2.1.4 Quality evaluation

MI quality is evaluated through source–target comparison, target–reference comparison, or user reception. This can be performed either manually (e.g., by interpreters themselves) or automatically using metrics such as BLEU, CHRF, COMET, METEOR, TER, and WER. Automatic evaluation, while currently less reliable than its human equivalent, offers greater efficiency and cost-effectiveness. For cascade systems, both component and overall system quality need to be evaluated (Hamon et al., 2009; Le et al., 2018). Studies have also explored user experiences (Sakamoto et al., 2013) and behavioural changes (Shin et al., 2013). Despite advancements in end-to-end systems, quality is still primarily evaluated using text-based metrics, a function that relies on automatic speech transcription. A notable exception is BLASER, introduced by Chen et al. (2022), which is a text-free metric designed for use in end-to-end systems and which leverages a multilingual multimodal encoder to embed speech input, translation output and references into a shared space for direct quality scoring.

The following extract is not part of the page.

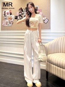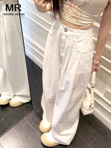 白い三防天糸高腰広脚ジーンズ女2024夏の薄いタイプのゆるい痩せ感ストレートパンツ
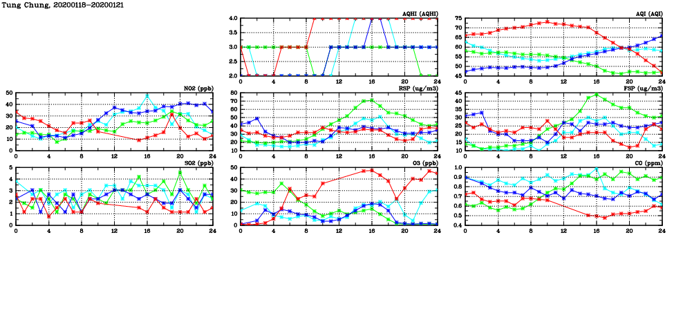 | Air Quality Data Time Series in Tung Chung (2020/01/21) | ( Line colors: Day -3 Day -2 Day -1 Current day ) | 2D Map Current AQHI |

Systems, corpora, models, and quality are the key research topics in MI, with studies offering either holistic overviews or focused analyses of specific issues or processes – for example, speech recognition of tonal speech signals (Dua et al., 2022); sentence segmentation (Siahbani et al., 2018); punctuation handling (Wang et al., 2016); decoding algorithms (Cho & Esipova, 2016); incremental processing, anticipation and latency (Grissom II et al., 2014; Ma et al., 2019); processing speech disfluencies (Mujadia et al., 2025); contextual information capturing and exploitation (Sridhar et al., 2013); facial expression-based affective speech translation (Székely et al., 2014); multimodal speech translation (Wu et al., 2019); a holistic cascade system for expressive speech-to-speech translation (Huang et al., 2023); direct speech translation for automatic subtitling (Papi et al., 2023), and end-to-end simultaneous speech-to-any translation (Ma et al., 2024).

2.2 Contributions of the translation and interpreting research community

In contrast to the computational community, where MI has been extensively studied, albeit under the expression “speech-to-speech translation system”, since the 1990s, it has remained underexplored in the translation and interpreting community. A search of the Benjamins Translation Studies Bibliography (TSB), for instance, yields fewer than ten entries of publications on MI from the late 1990s to the early 2020s (Pöchhacker, 2024). And although they published in the journal Interpreting, Jekat and Klein (1996) and Luperfoy (1996) have remained the works of the computational community. Research on interpreting in the journal Machine Translation is limited: in its special issue on spoken-language translation, for example, only one article dealt with discourse particles and discourse functions (Stede & Schmitz, 2000) while the rest were authored by computer scientists and technologists.

Translation and interpreting scholars have focused more on CAI than on MI, as evidenced in this current issue of Linguistica Anverpiensia. Research has focused on evaluating MI quality, comparing it with human interpreting with respect to competence and process. Unlike the computational community’s reliance on text-based metrics, translation and interpreting scholars prioritize information fidelity and user perception. This latter approach suits most interpreting contexts, emphasizing effective information transfer over linguistic equivalence amid diverse linguistic and situational features.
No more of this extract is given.